Hanmi Financial Corporation delivered a solid performance in the second quarter of 2025, with net income of $15.1 million, though it decreased from the previous quarter due to higher credit loss expense. The company expanded its net interest margin to 3.07% and saw preprovision net revenue grow by 3.7%. Asset quality significantly improved, with notable declines in criticized loans, nonaccrual loans, and delinquent loans. Loans and deposits both experienced growth, and the capital position remained strong.

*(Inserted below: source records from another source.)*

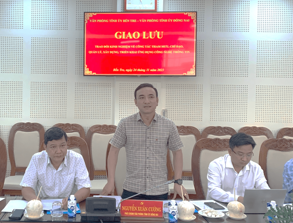 Đồng chí Nguyễn Xuân Cường cho biết mục đích của buổi giao lưu nhằm học tập kinh nghiệm của Văn phòng Tỉnh ủy tỉnh Bến Tre về công tác tham mưu và triển khai lĩnh vực công nghệ thông tin và cơ yếu; chọn lọc các nội dung, mô hình hay, cách làm tốt của địa phương để tham mưu triển khai thực hiện tại Văn phòng Tỉnh ủy Đồng Nai; đồng thời tạo điều kiện để cán bộ làm công tác công nghệ thông tin và cơ yếu của tỉnh Đồng Nai có thêm sự gắn kết, hiểu biết và mở rộng mối quan hệ với Văn phòng cấp ủy tỉnh Bến Tre.
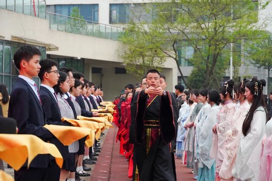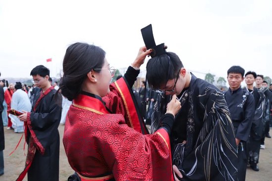 汉风加冕成人礼 青苏职中2026届学子以传统礼仪赴高考之约
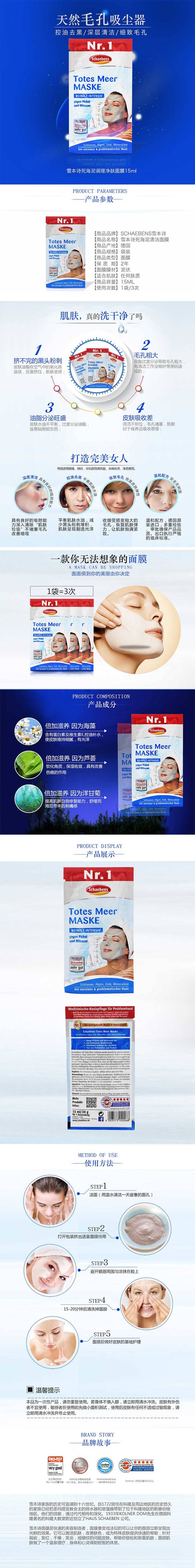 【荷兰直邮】 Schaebens雪本诗 死海泥清洁面膜 15ml 10片装
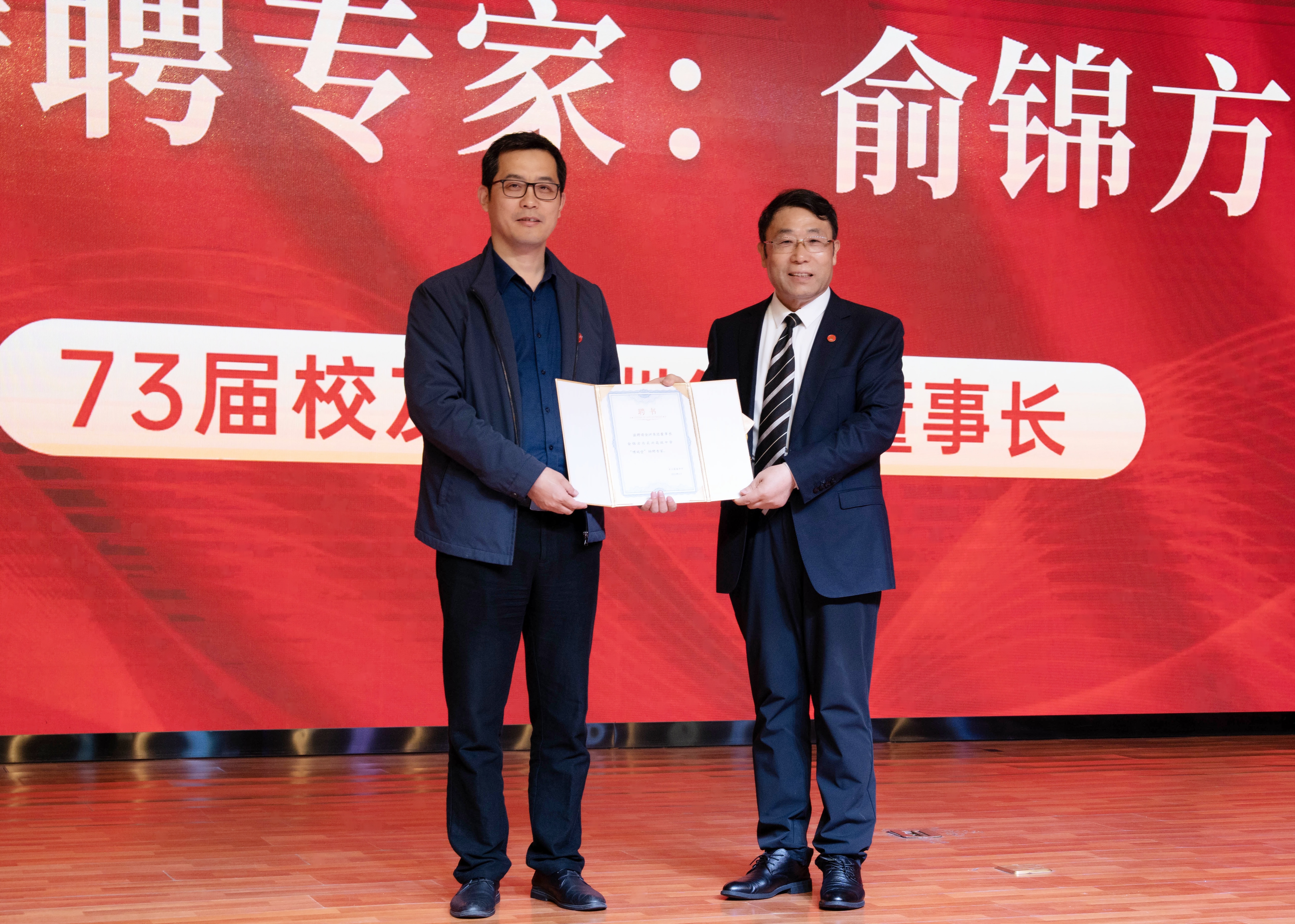 俞根強(qiáng)校長為俞錦方董事長頒發(fā)特聘證書
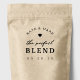 Bröllopsfavorit med kaffe och te med stämpel i vintage stil och elegant design "The Perfect Blend". Personligad med parets namn och bröllopsdatum.
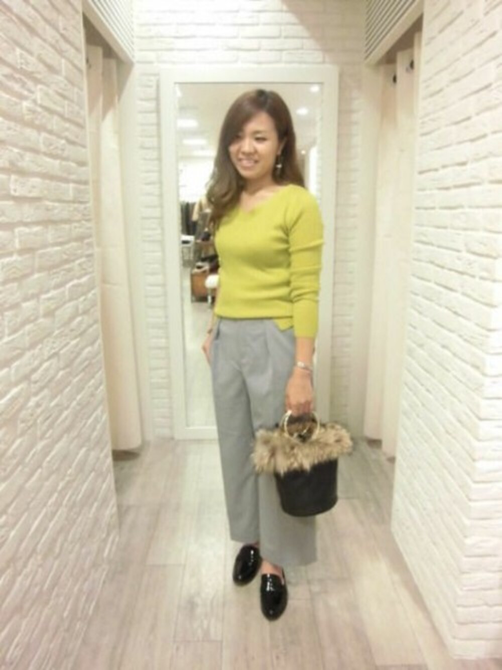 きれいめパンツスタイル 鎖骨ラインがきれいに見えるVネックで品良く着れるトップスに セミワイドなボトムと合わせてきれいめな印象になるようにまとめました。 ペタンコのローファー型スリッポンを合わせてカジュアル感をプラス。
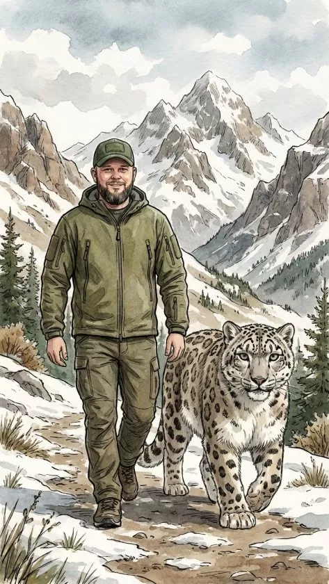 "Рядом с моим мужем в кадре всегда идет Барс как дух-хранитель, олицетворение его сильного характера. Это неслучайно, так как снежный барс – национальный символ Северной Осетии, его родной земли", – рассказывает Ольга.
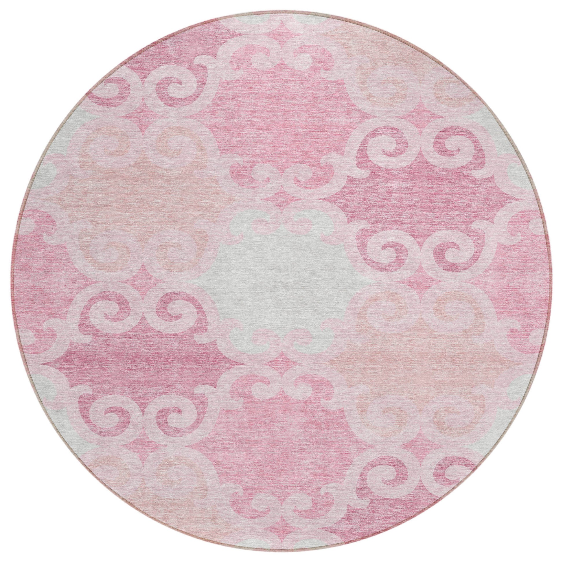 Tabselect Home Line 8' Pink And Gray Round Trellis Washable Indoor Outdoor Area Rug
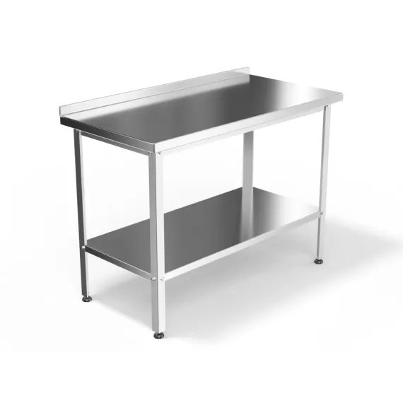 Стол производственный с бортом серия Стандарт +, 1600х700х850, подложка ЛДСП 16 мм, столешница: нерж. сталь марки AISI 430, толщина 0,8 мм, каркас разборный, нерж. уголок AISI 430 1,5 мм, сплошная полка
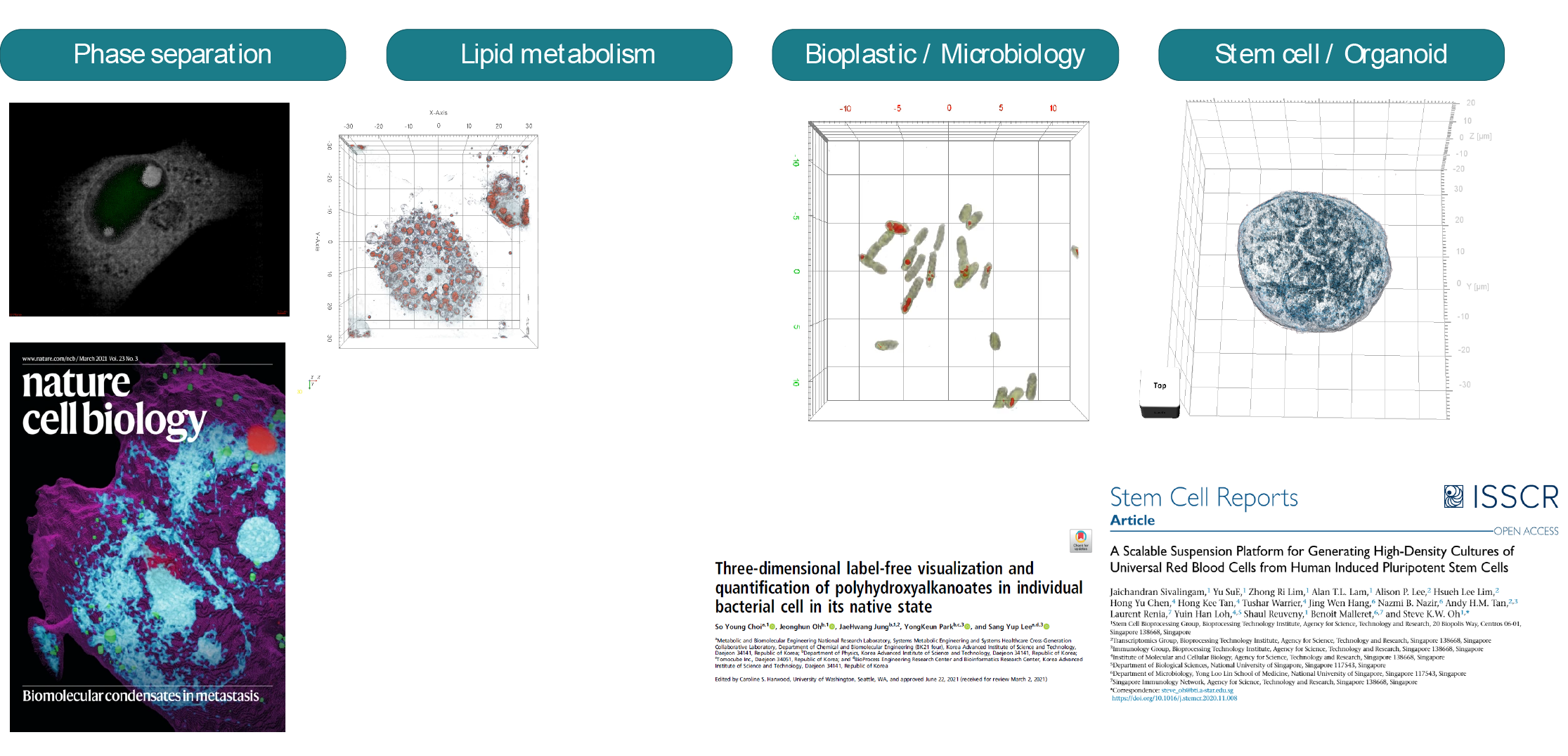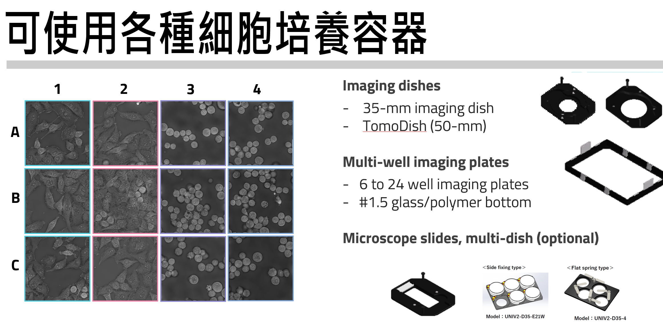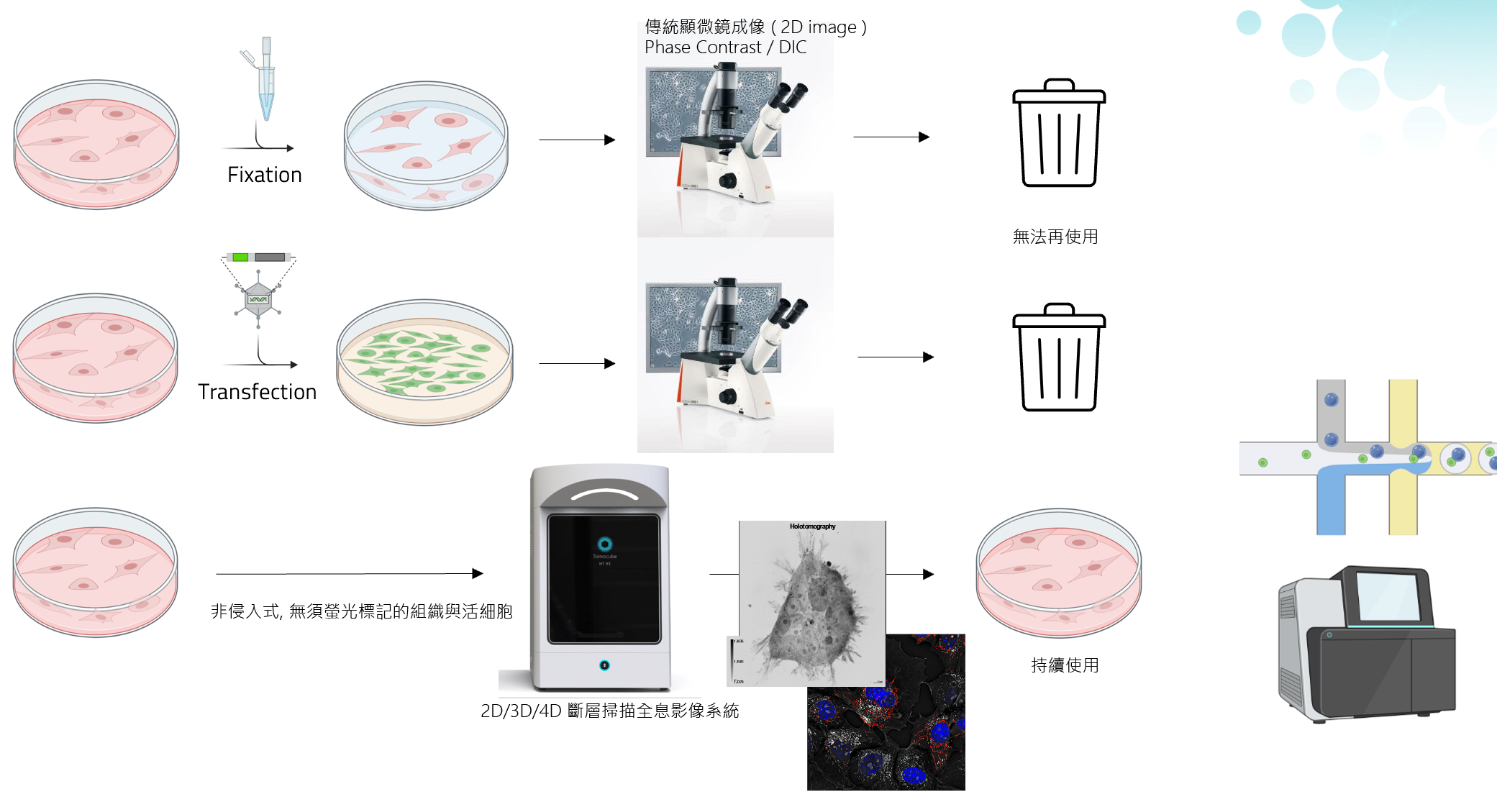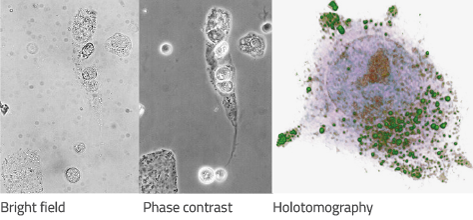這是新世代的活細胞成像技術, 突破傳統的明視野或相位差影像, 使用人員, 無需使用螢光染劑 (避免光毒害), 以全息繞射雷射光斷層掃描技術, 你可以快速或長時間取得活細胞的成像. 而且解析優於 110 nm 的光學解析, 讓你得到高解析的層析細胞級影像.
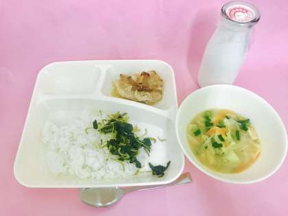 【豚肉のしょうが焼き、みそ汁、じゃこわかめ、ごはん、牛乳】
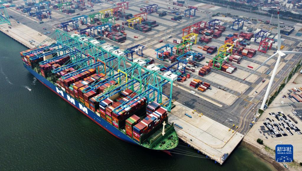 7月7日,一艘貨輪??吭谔旖蚋邸爸腔哿闾肌贝a頭(無(wú)人機照片)。
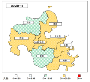 中津市を含む県北部は170人(先週131人)、定点当り17人(先週13.1人)、中津市は定点当り9.2(先週4.4人)と倍増しています。
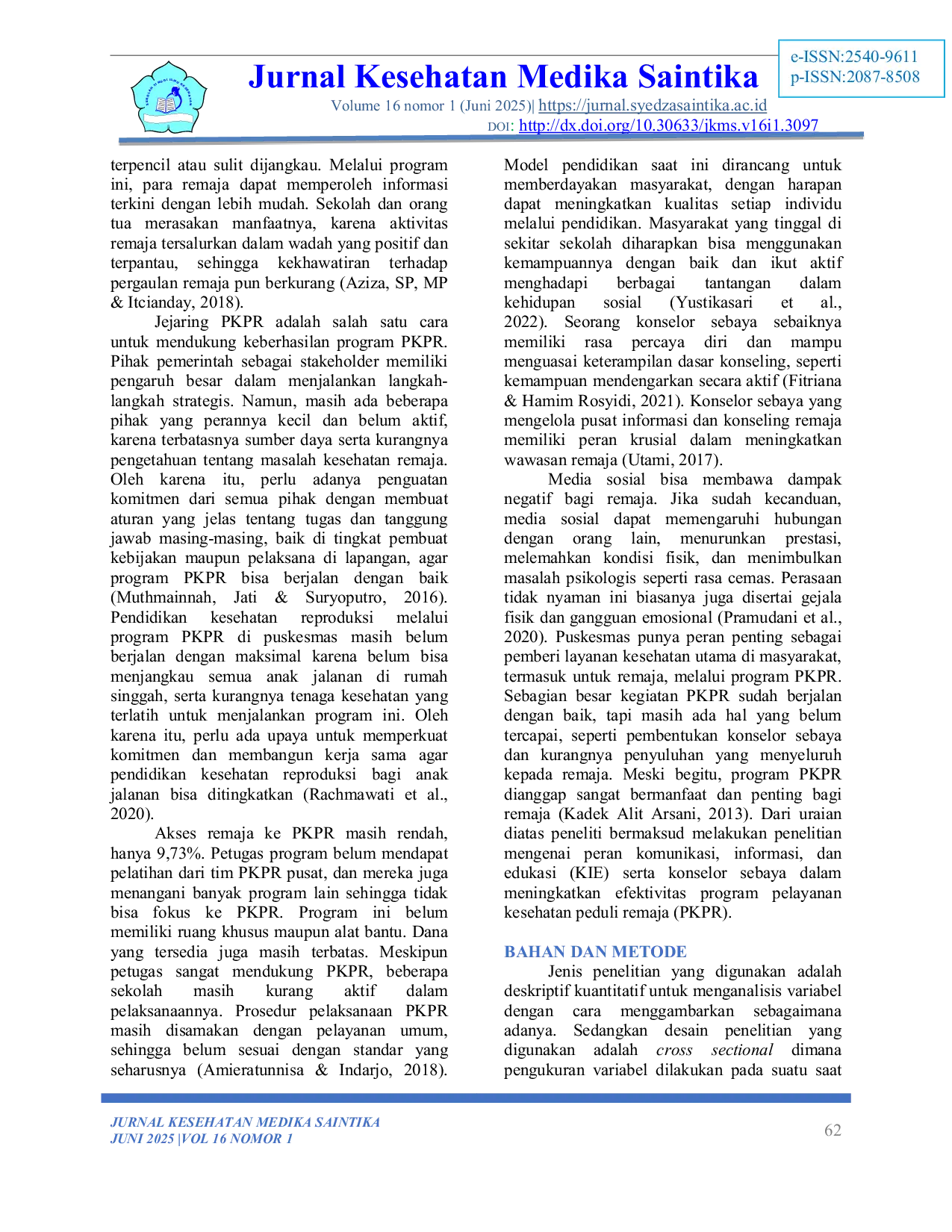 Jurnal Kesehatan Medika SaintikaJurnal Kesehatan Medika SaintikaProgram Pelayanan Kesehatan Peduli Remaja (PKPR) merupakan layanan kesehatan yang dirancang khusus untuk remaja, disesuaikan dengan minat, kebutuhan, dan karakter mereka. Penelitian ini bertujuan untuk mengetahui peran komunikasi, informasi, dan edukasi (KIE) serta konselor sebaya dalam meningkatkan efektivitas program pelayanan kesehatan peduli remaja (PKPR). Penelitian ini menggunakan pendekatan kuantitatif deskriptif dengan desain potong lintang (cross sectional), dan dilakukan di SMK Kesehatan Kabupaten Semarang dengan melibatkan 88 responden melalui teknik pengambilan sampel acak sederhana. Data dikumpulkan menggunakan kuesioner. Hasil penelitian menunjukkan bahwa program PKPR telah berjalan cukup baik dengan penyampaian informasi melalui media audio-visual dan metode interaktif yang sesuai kebutuhan remaja. Beberapa remaja juga telah membantu teman sebaya mencari bantuan profesional. Namun, keterlibatan mereka dalam advokasi dan evaluasi masih minim. Disarankan agar sekolah menyediakan ruang konseling dan melibatkan tenaga terlatih. Remaja perlu meningkatkan kesadaran diri, khususnya dalam penggunaan media sosial, dan memperluas pengetahuan tentang perilaku sehat. Pihak terkait juga perlu lebih aktif dalam supervisi dan evaluasi program secara rutin.

Net income for Q2 2025 was $15.1 million, or $0.50 per diluted share, a decrease from $17.7 million in Q1 2025, primarily due to a $7.6 million credit loss expense.
Net interest margin expanded to 3.07%, up five basis points from the previous quarter, driven by lower funding costs and increased net interest income.
Asset quality improved significantly, with criticized loans dropping 71.8% to 0.74% of total loans and nonaccrual loans falling 26.8% to 0.41% of total loans.
Total assets increased by 1.7% to $7.86 billion, and deposits grew by 1.7% to $6.73 billion, reflecting strong deposit growth and a healthy loan-to-deposit ratio of 93.7%.
Hanmi is encouraged by the strength of its loan pipeline and remains focused on deepening client relationships, expanding market presence, and leveraging its balance sheet to deliver sustainable long-term growth in the second half of the year.